4. Promote Localism Over Cookie-cutter Development
Give people control over their community’s destiny rather than being subject to one-size-fits-all that we see sprawled out across the country. From free-range chickens to free-range kids, legalize family-friendly places within walking and biking distance from home. Let people exchange goods, services, and ideas in ways that suit them, rather than being forced to obey regulatory regimes that aim for conformity.
5. Encourage Incremental Development
Instead of relying on large-scale projects with so-called economic development giveaways, foster incremental development led by private property owners and small-scale developers. This model reduces dependence on government grants and subsidies, and actually makes “neighborhood character” something interesting and tangible.
6. Rehabilitate Traditional Urban Forms
It’s okay to romanticize good stuff. Pre-war city planning included main streets, corner stores, front porches, and mixed-use development. Celebrate traditional patterns as alternatives to utopian social planning that results in a sprawled out, car-dependent lifestyle. Promote beautiful design, good craftsmanship, and surprising destinations with ample bicycle parking.

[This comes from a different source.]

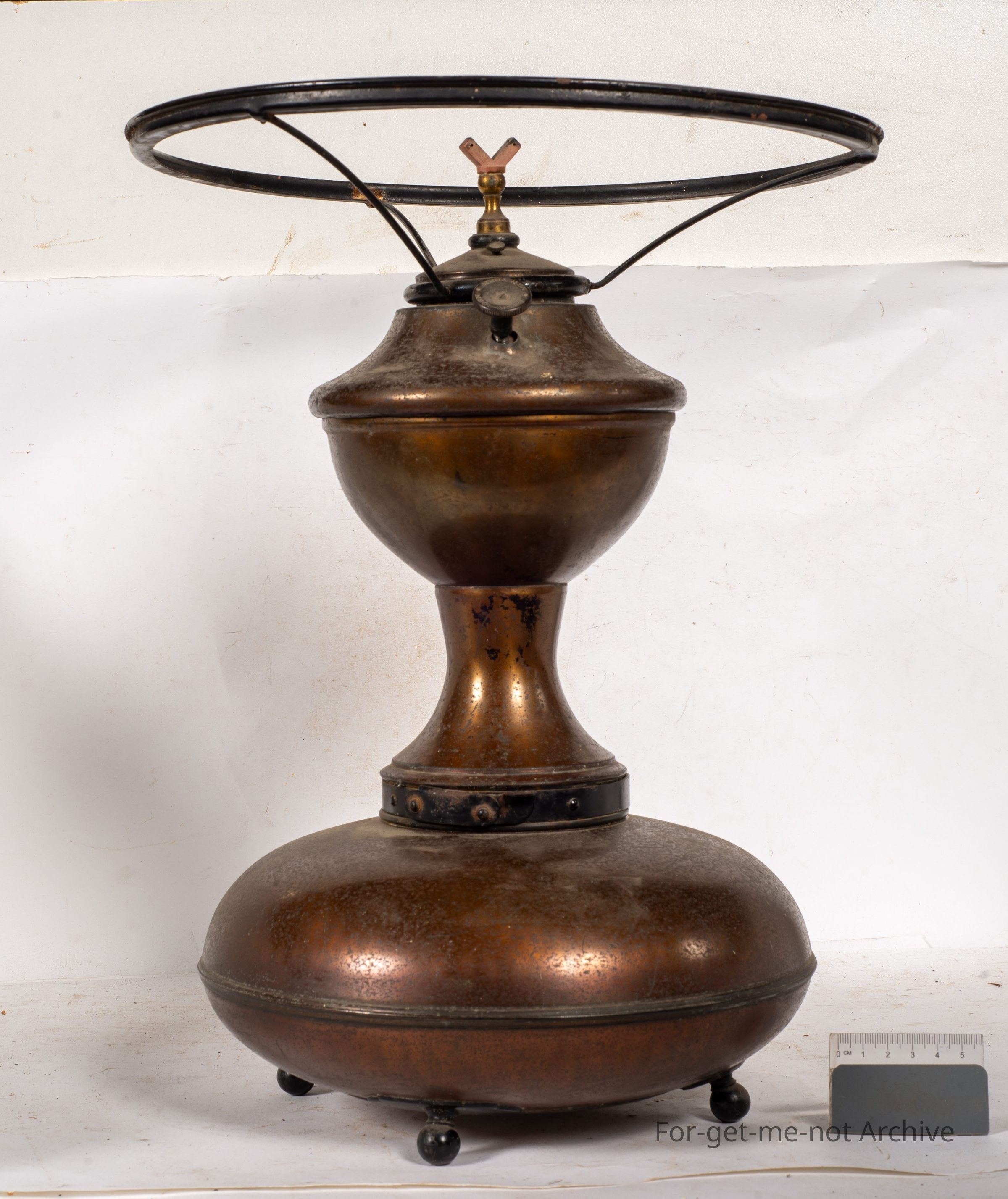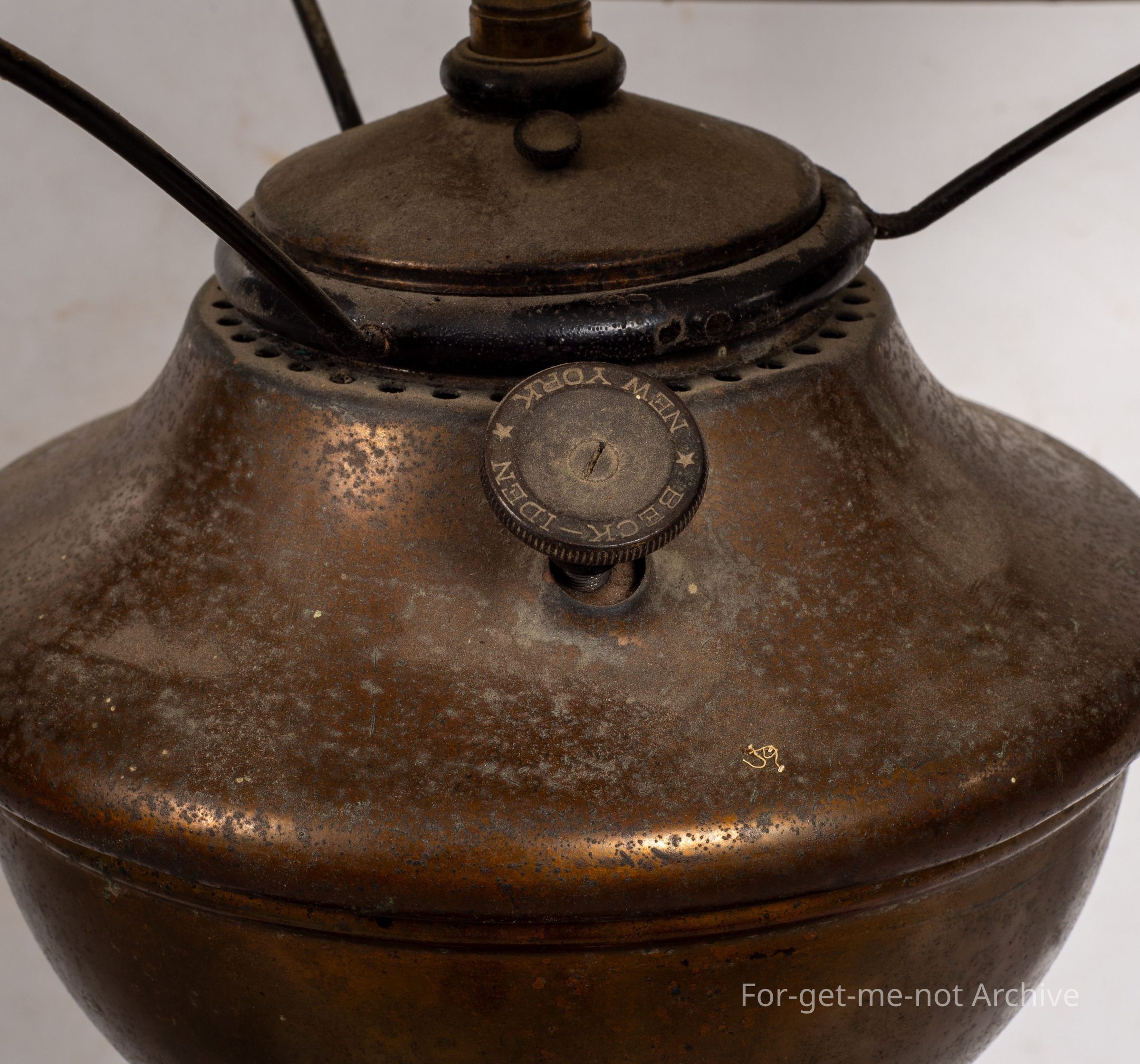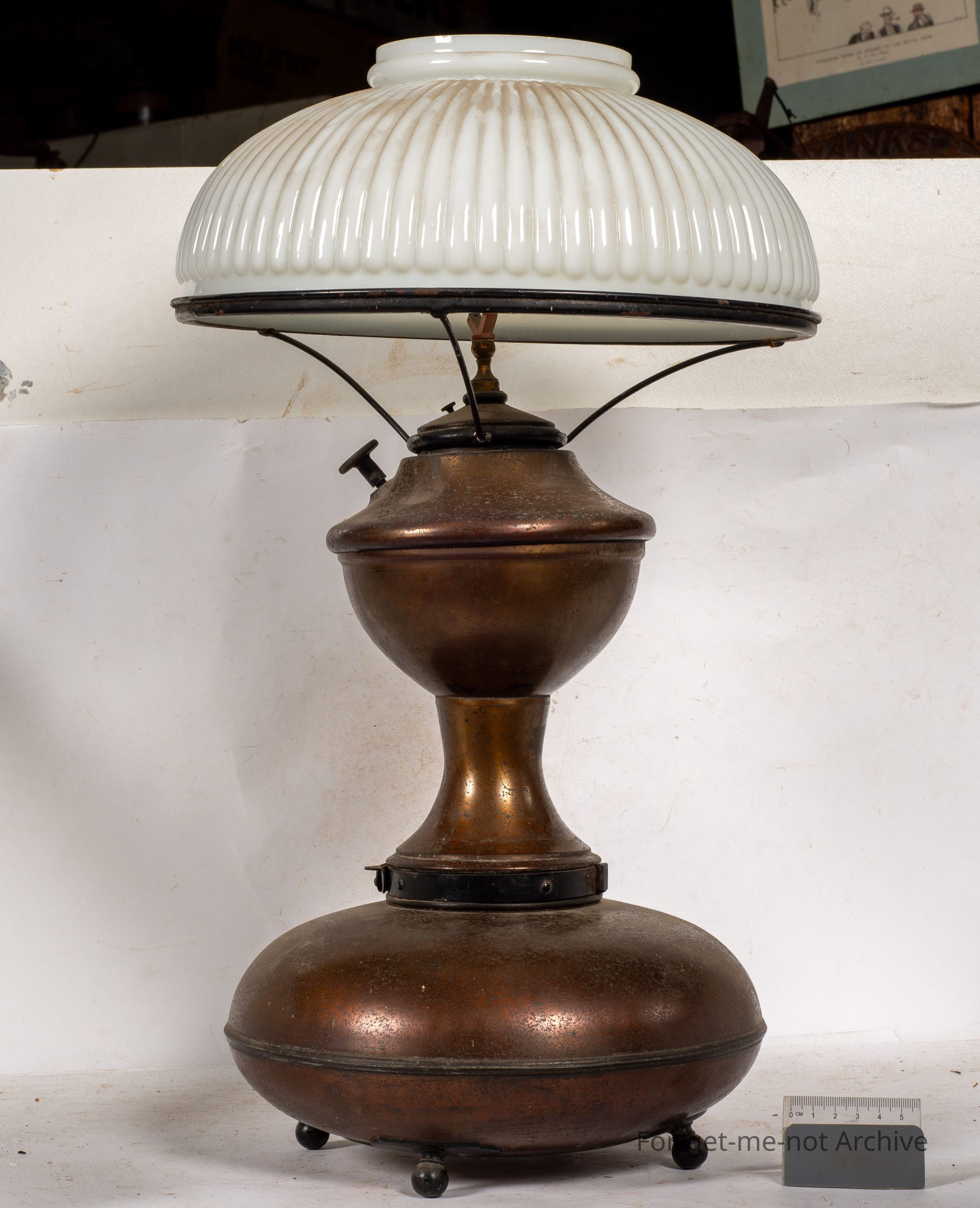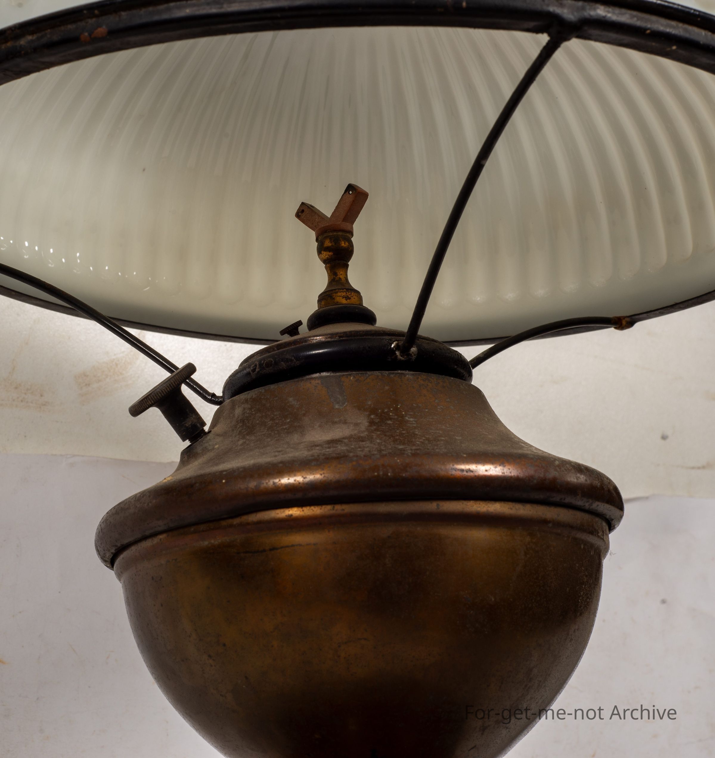 Sangeet Collection. This lamps is called the Beck-Iden. This lamp is unusual because it is a domestic acetylene lamp, which means it creates gas from carbide, which is called acetylene. Very few of these type of lamps about. Has a beautiful fluted, canopy, shade, in perfect condition. An absolute rarity in Australia. The name is Beck-Iden from New York.Collection

7. Change the Climate Narrative
Progressives frame sustainability through the lens of large-scale government interventions, as if the interventions haven’t forced Americans into unsustainable zones. Show that simple policy changes, such as legalizing a variety of uses in one neighborhood, is good for the natural environment and doesn’t require heavy-handed mandates, carbon taxes, etc.

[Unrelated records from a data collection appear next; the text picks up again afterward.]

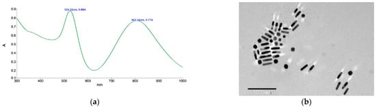 Gold nanorods (AuNRs, 8.8 × 39.8 nm) stabilized with BDAC and CTAB were obtained, as described previously []. The gold nanorod AuNRs were produced by seed-mediated growth method based on a CTAB-capped seed. The silver content of the growth solution was used to grow NRs to a desired length. The experimental procedure is provided in the Supporting Information (page S3).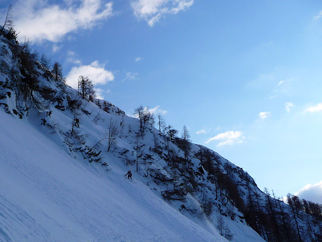 Iskanje 'skritih' prehodov na kar strmem pobočju (nekje med 40° in 45°).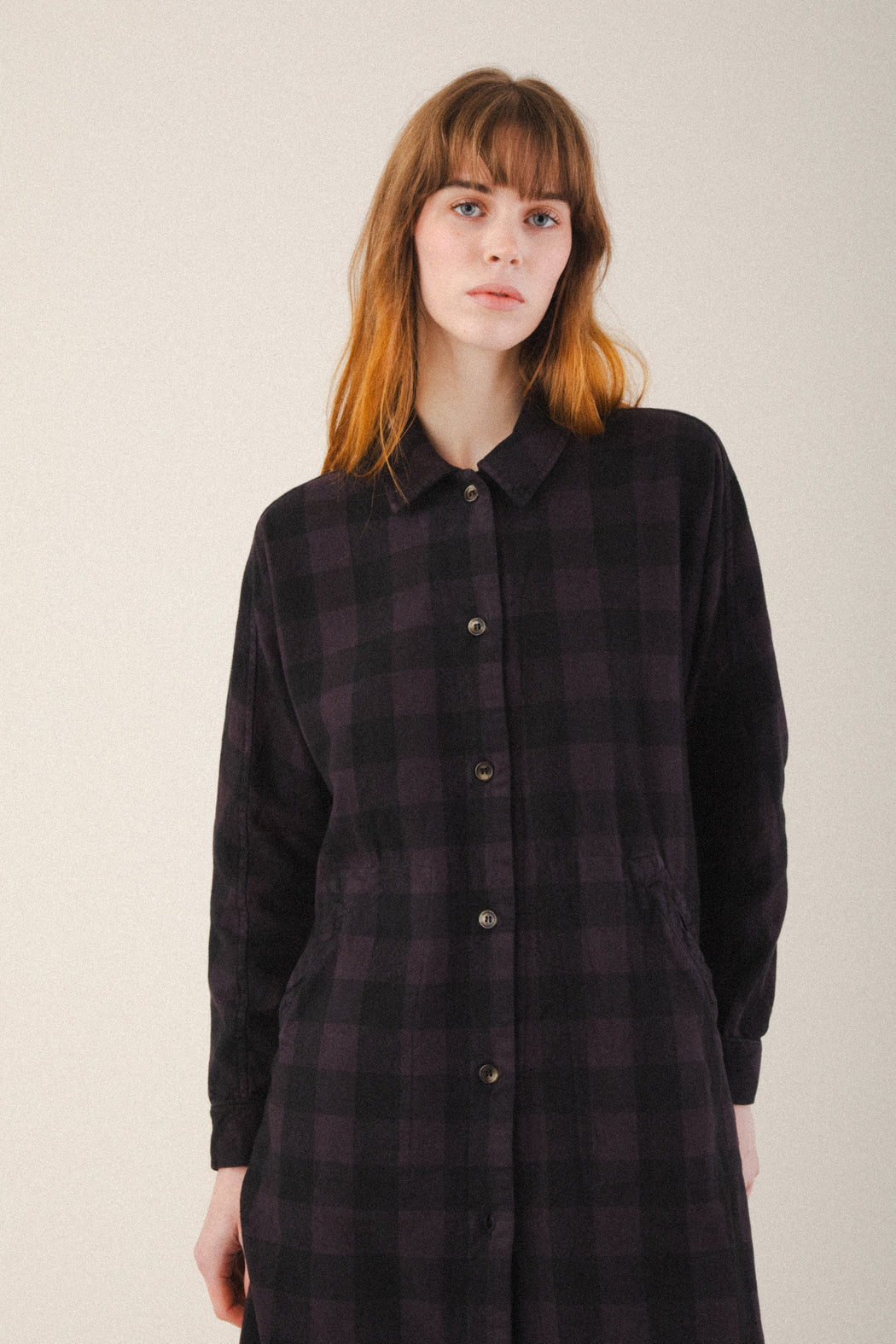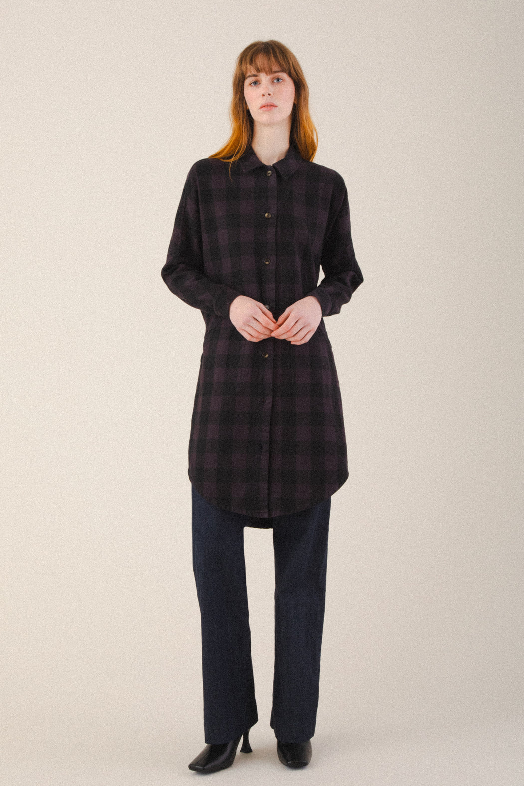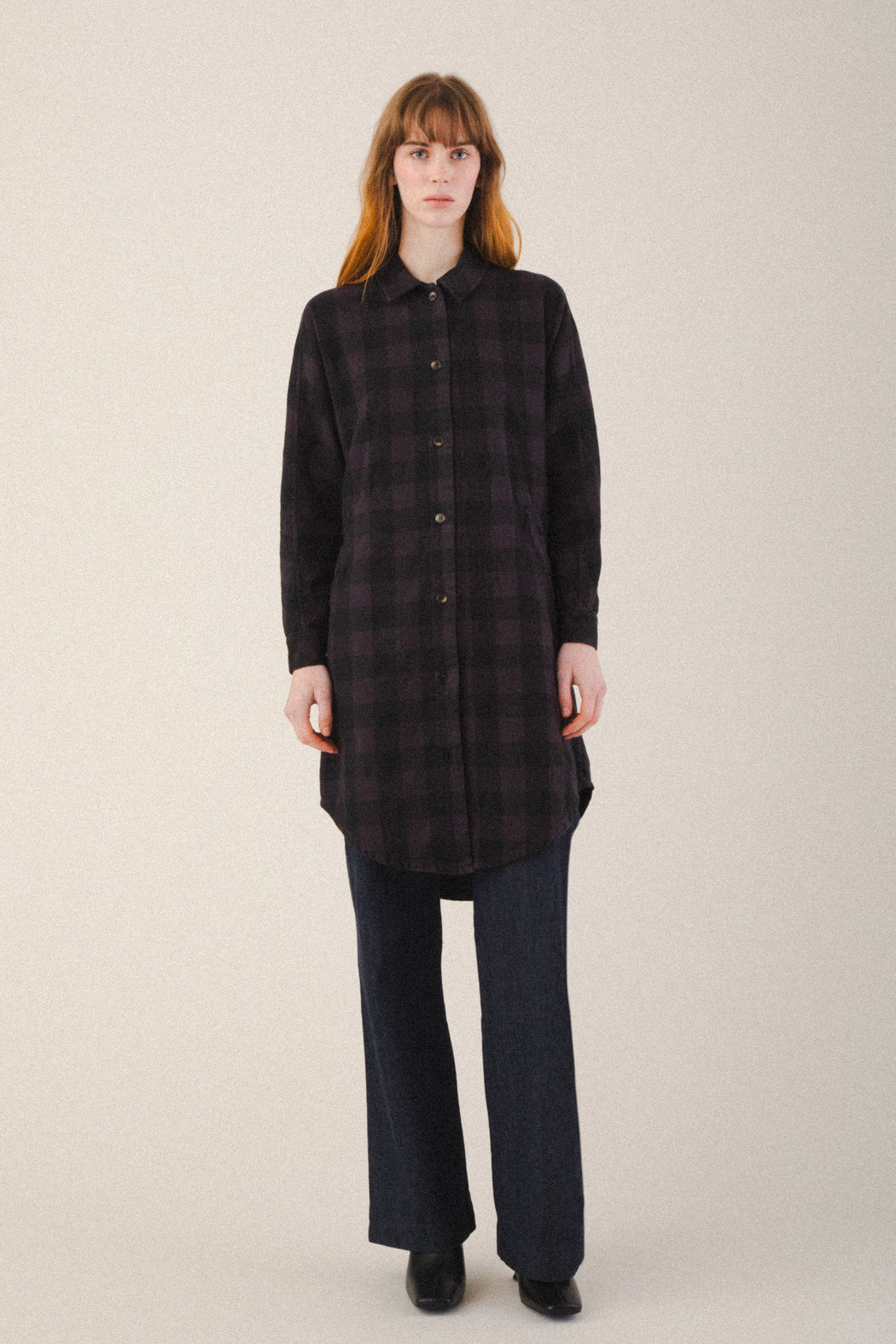 This work-a-day button-down flannel dress is the pinnacle of productivity and pleasure. Stay comfortable and agile in this classic dress that will become softer each time it is washed. Don’t be fooled that this is like any other shirt-dress, this piece comes packed with details: dual front welt pockets, underarm gussets and soft elastic waist gathers set this dress apart. Whether worn alone or with pants, it is a versatile piece that will take you from the beginning of fall until the end of spring.

8. End Progressive NIMBYism
Progressive cities like San Francisco have been demonstrating the negative outcomes of applied NIMBYism for decades. New Urbanists promote upzoning neighborhoods to allow families of all sizes and backgrounds to have the same opportunities to thrive.
9. Shift Focus Toward Civic Life
Focus on meeting neighbors, keeping eyes on the street, sharing cargo bike tips, letting kids explore, embracing the elderly, building beautiful places, protecting property rights, and spending money on local businesses—values that transcend identity politics.
10. Treat Cars as a Market-Based Choice, Not an Enemy
Instead of outlawing personal cars, create viable options. If 25% of Americans are under 18 or over 80, then why shouldn’t they be able to get around town without being forced to use a car? Plan and engineer spaces that naturally make walking, biking, and transit easy choices for residents and visitors.
The principles of human-scale design—walkability, vibrant local economies, strong communities—align perfectly with both liberal and conservative priorities. The real divide is between ordinary people and the corporate-government machine that prioritizes highways, car dependency, and sprawl at the expense of families, workers, and local economies.
Read the New Urbanist charter: https://www.cnu.org/who-we-are/charter-new-urbanism
Read the Federalist article: https://thefederalist.com/2025/02/10/new-urbanists-want-to-bulldoze-the-suburban-american-dream/
Remember that seeing development from space is hardly an American dream:
Excellent list you give there of specific ways govt regulations are hurting people and preventing "new urbanism".
Recommend to everyone the ‘Messy City’ podcast. The host has on guests from a variety of backgrounds, conservative leaning, liberal and none of the above. In my experience, the hostility from the pro-suburban Right is matched by the condescension of the anti-development Left. Once you make policy making a team sport, there is little room left for common sense.